いま、リーダー職やマネジメント層にあるビジネスパーソンの人や、積極的にキャリアアップを目指している人たちは、世間的には「メンタルが強いタイプ」と見なされることが多いかもしれません。

一方で、キャリアアップをするごとに、部下が増えたり、数字を厳しく求められたり、専門性をより問われたりするといった、これまで感じたことのないプレッシャーを受けることもあるでしょう。一般的に、立場が上がれば上がるほどメンタルの負荷は増えていきます。

それに打ち勝つためには、先に述べた「外側の鎧」と「心のなかの視点移動」によって、自己肯定感を高めていくことが重要です。では、自己肯定感はいったいどんな要素から成り立ち、どうすれば高めていくことができるのでしょうか? わたしは、自身の心理学をはじめとする研究と、何千例ものカウンセリング経験をもとに、自己肯定感を構成する要素を、次の「6つの感」として分類しました。

① 自尊感情
② 自己受容感
③ 自己効力感
④ 自己信頼感
⑤ 自己決定感
⑥ 自己有用感

この「6つの感」を高めていくための効果的メソッドを、【前編】【後編】にわたって紹介していきましょう。

リフレーミングで「自尊感情」を高める

まず、ビジネスパーソンにとって、「① 自尊感情」はとても大切な要素です。自尊感情とは、「自分には価値がある」と思えることです。自分に価値を見出すことができると、仕事においてやりがいや働きがいが生まれてきます。
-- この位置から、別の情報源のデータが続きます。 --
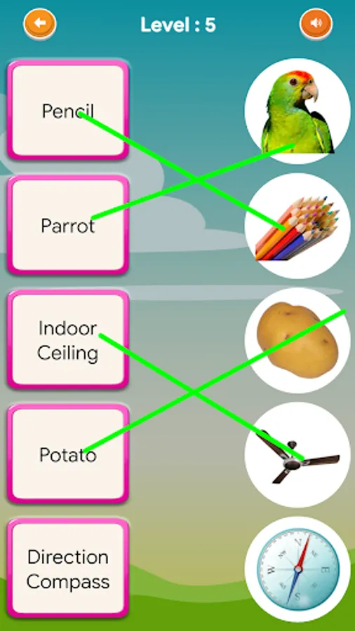 You just need to use your finger to draw a line and match the English word with its picture. You need to match all the 5 words to move next level.
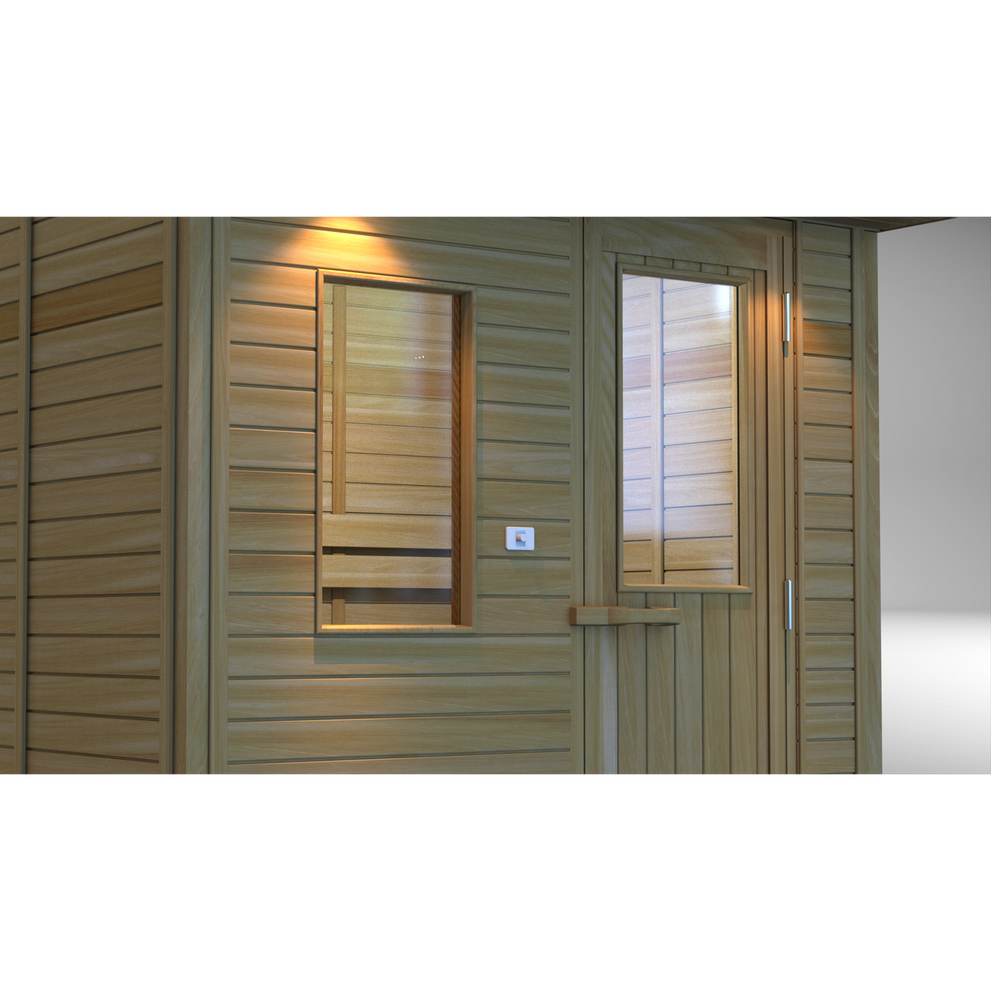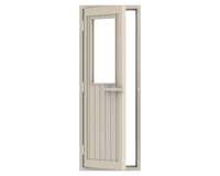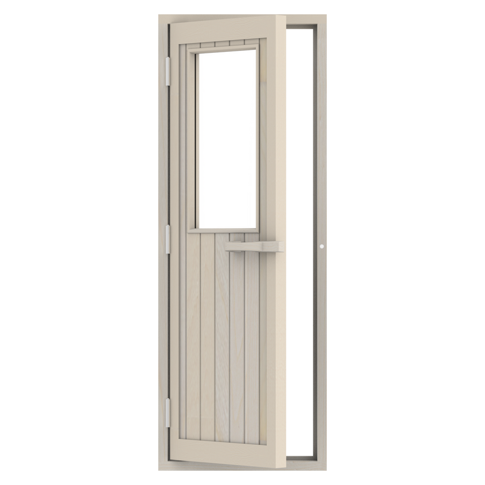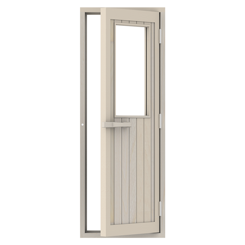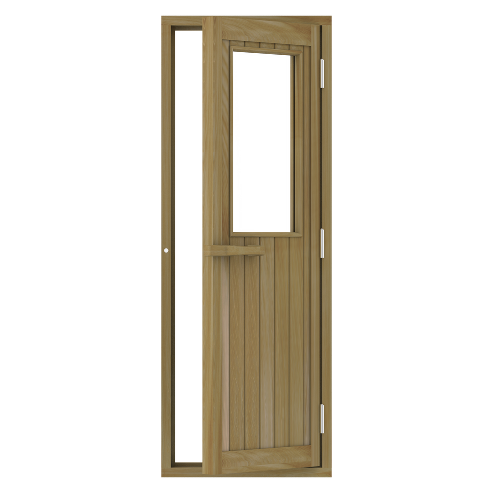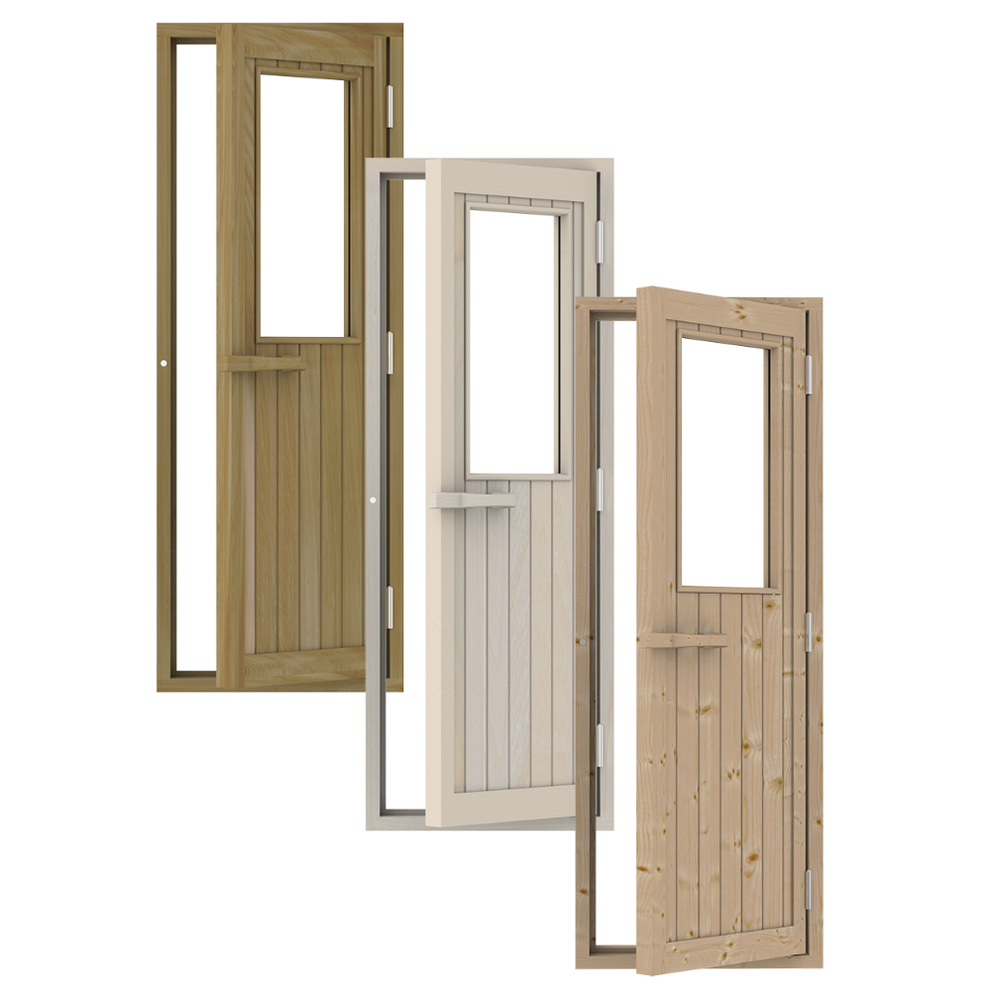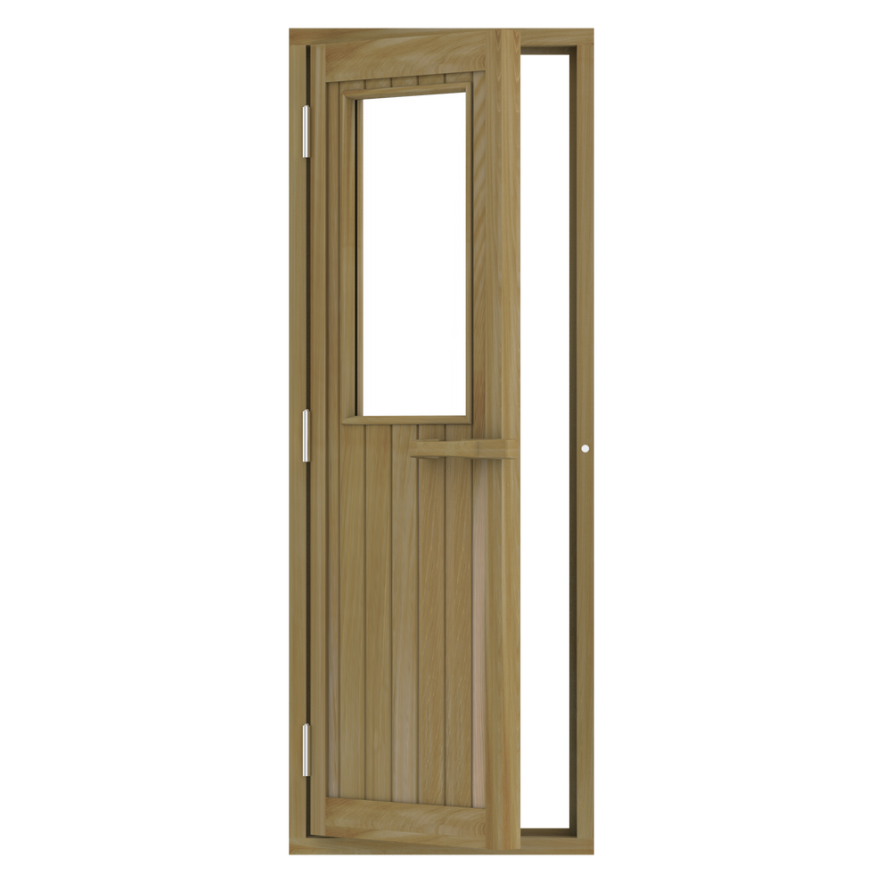 De deur is verkrijgbaar in verschillende houtsoorten, waaronder Ceder, Espen en Spar, die elk een unieke uitstraling en geur aan uw sauna geven. Het helder glas raamvenster is stevig en zorgt voor een uitstekende zichtbaarheid, terwijl het de privacy behoudt die nodig is in de sauna.

仕事でステップアップを果たしたり、新しい事業を展開したりするときには、いいことばかりではなく、必ずマイナス要素が出てくるものです。課題や目標が高いほど、大きな壁が立ちはだかります。そんなときにぜひ実践してほしいのが、「リフレーミング」というメソッドです。
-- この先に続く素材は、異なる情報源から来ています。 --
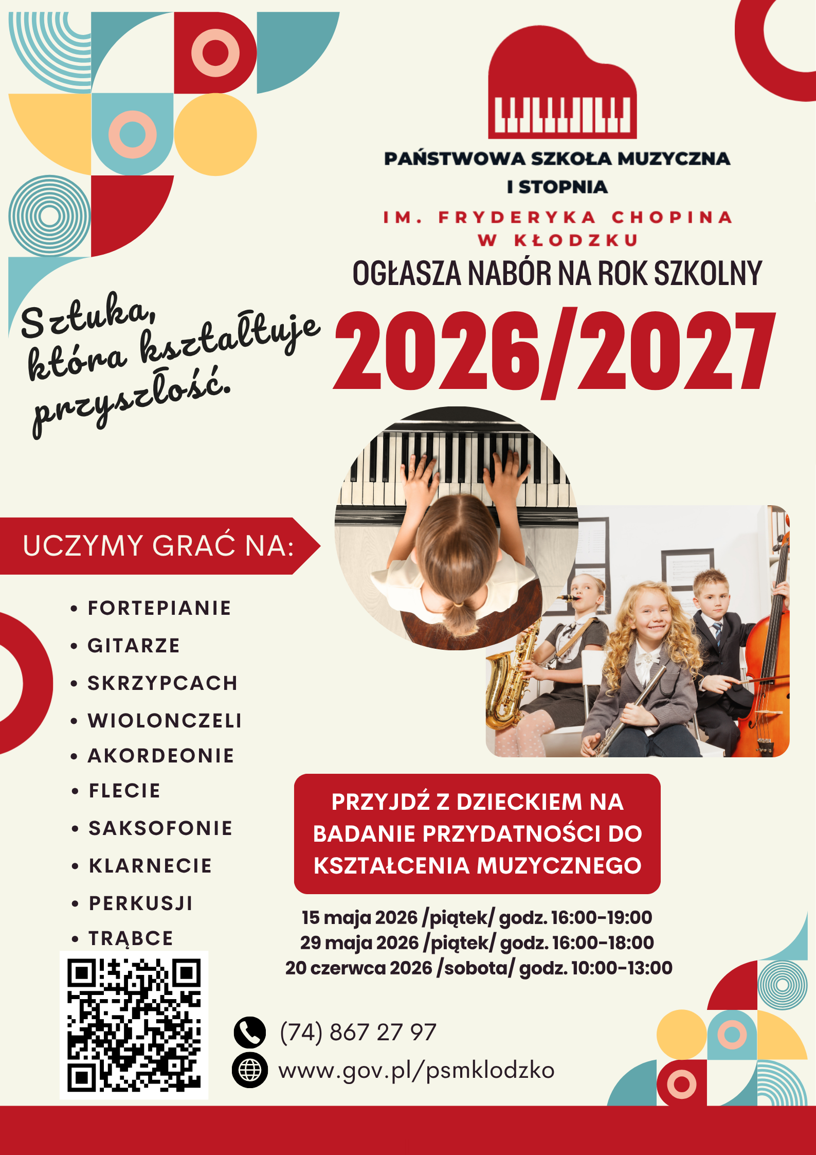 - Lekcja przygotowawcza dla kandydatów – 08 maja 2026 r. godz. 17:00 aula PSM I st. w Kłodzku

これは、つい使ってしまいがちなネガティブな言葉を、意識的にポジティブな言葉へと書き換えていく方法です。言葉は潜在意識に働きかける力があるため、それによって意識的にものごとの見方を変え、そこから前向きな価値や肯定的側面を見出していくわけです。

単なる言葉の書き換えではなく、具体的な状況にも活用できます。例えば、あるビジネスパーソンの強みは営業力だとして、弱みはデジタルが苦手なことだとします。でも、デジタルが苦手という弱みにとらわれて、やりがいや働きがいを失うのはもったいないことですよね。では、どうリフレーミングするかというと、「アナログが得意」と考えるということです。

これまで以上にいろいろな人脈をつくって仕事の幅を広げ、より得意なアナログ方面に集中しながら、苦手なデジタル面はほかの人にまかせることもできます。すると、弱みだったはずの部分が、弱みに思えなくなってくるのです。そうして自分の肯定的な側面へ視点を移していくと、自分の「強み」がより明確になり、行動が的を射たものになっていきます。自分の弱みの再定義・再評価ができれば、仕事がより楽しくなり、毎日生き生きとして過ごすことができるようになるはずです。